One of Dunham's co-workers for over 40 years said he "never heard her say anything like that. I never heard her say anything negative about anything". Hawaiian State Senator Sam Slom, who worked with her at the Bank of Hawaii, said "I never heard Madelyn say anything disparaging about people of African ancestry or Asian ancestry or anybody's ancestry". Her brother, Charlie Payne, told the Associated Press that his sister's reaction to being made a campaign issue was "no more than just sort of raised eyebrows".

In April 2008, Madelyn Dunham appeared briefly in her first campaign ad for her grandson, saying that Obama had "a lot of depth, and a broadness of view".

In a September 10, 2008, interview on Late Show with David Letterman, Obama described his grandmother as follows:

Eighty-seven [sic] years old.

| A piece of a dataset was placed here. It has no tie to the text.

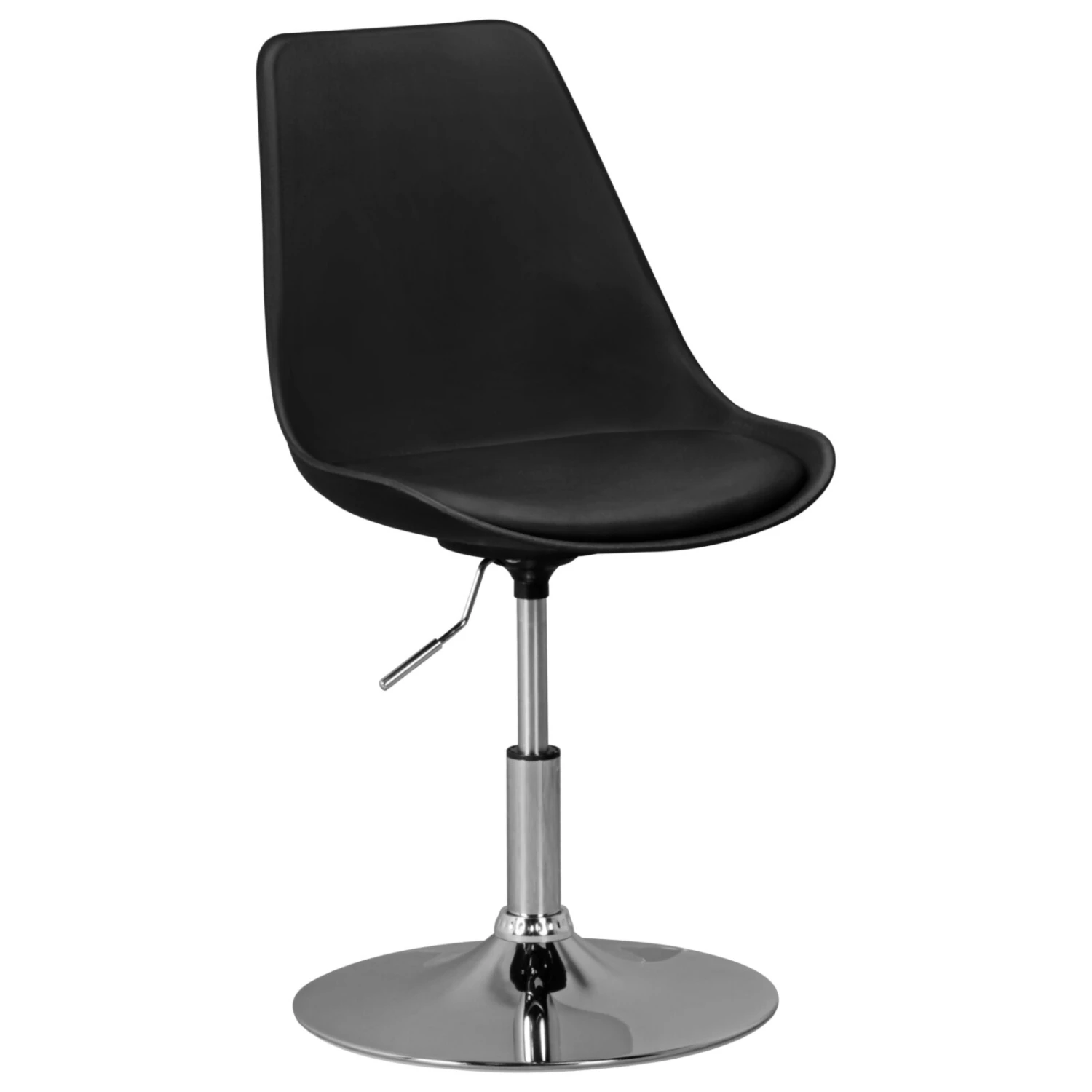 Der Drehstuhl verfügt über eine gemütliche Sitzschale mit Sitzfläche mit Lederoptik-Bezug. Ganz harmonisch mit dem verchromten Drehfuß in Trompetenform. Die Sitzschale in passender Farbe zur Sitzfläche lässt sich um 360° drehen. Sitzhöhenverstellung geschieht stufenlos durch Gaslift. Klein aber OHO!

She can't travel. She has terrible osteoporosis so she can't fly, but, you know, she has been the rock of our family and she is sharp as a tack. I mean, she's just – she follows everything, but she has a very subdued, sort of Midwestern attitude about these things. So when I got nominated, she called and said, "That's nice, Barry, that's nice".

On October 20, 2008, the Obama campaign announced that he would suspend campaign events on October 23 and 24 to spend some time with Dunham. His communications director told reporters that she had fallen ill in the preceding weeks, and that while she was released from the hospital the week before, her health had deteriorated "to the point where her situation is very serious". In an October 23, 2008, interview with CBS News, Obama said, "She has really been the rock of the family, the foundation of the family. Whatever strength, discipline – that – that I have – it comes from her".

===Death===

Dunham died at her home on November 2, 2008, at the age of 86. The Obama campaign said that she "died peacefully after a battle with cancer" in Hawaii. Obama and his sister Maya Soetoro released a statement saying, "She was the cornerstone of our family, and a woman of extraordinary accomplishment, strength, and humility". At a rally in Charlotte, North Carolina on November 3, Obama said, "She was one of those quiet heroes that we have all across America. They're not famous. Their names are not in the newspapers, but each and every day they work hard. They aren't seeking the limelight. All they try to do is just do the right thing". Dunham's absentee ballot, received by the election office on October 27, was included in Hawaii's total. On December 23, 2008, after a private memorial service at the First Unitarian Church of Honolulu, then President-elect Obama and his sister scattered their grandmother's ashes in the ocean at Lanai Lookout. It was the same spot where they had scattered their mother's ashes in 1995.

==Ancestry==

Madelyn Payne Dunham's heritage consists mostly of English ancestors, and smaller amounts of Scottish, Welsh, Irish, and German ancestors, who settled in the American colonies during the 17th and 18th centuries. Her most recent native European ancestor was her great-great grandfather, Robert Perry, who was born in Anglesey, Wales in 1786 and whose father, Henry Perry, first settled Radnor, Ohio in 1803. Robert Perry's wife, Sarah Hoskins, was also born in Wales and immigrated to Delaware County, Ohio as a young child.

According to the family's oral tradition, her mother had some Cherokee ancestors, although researchers have found no concrete evidence of this as of 2008.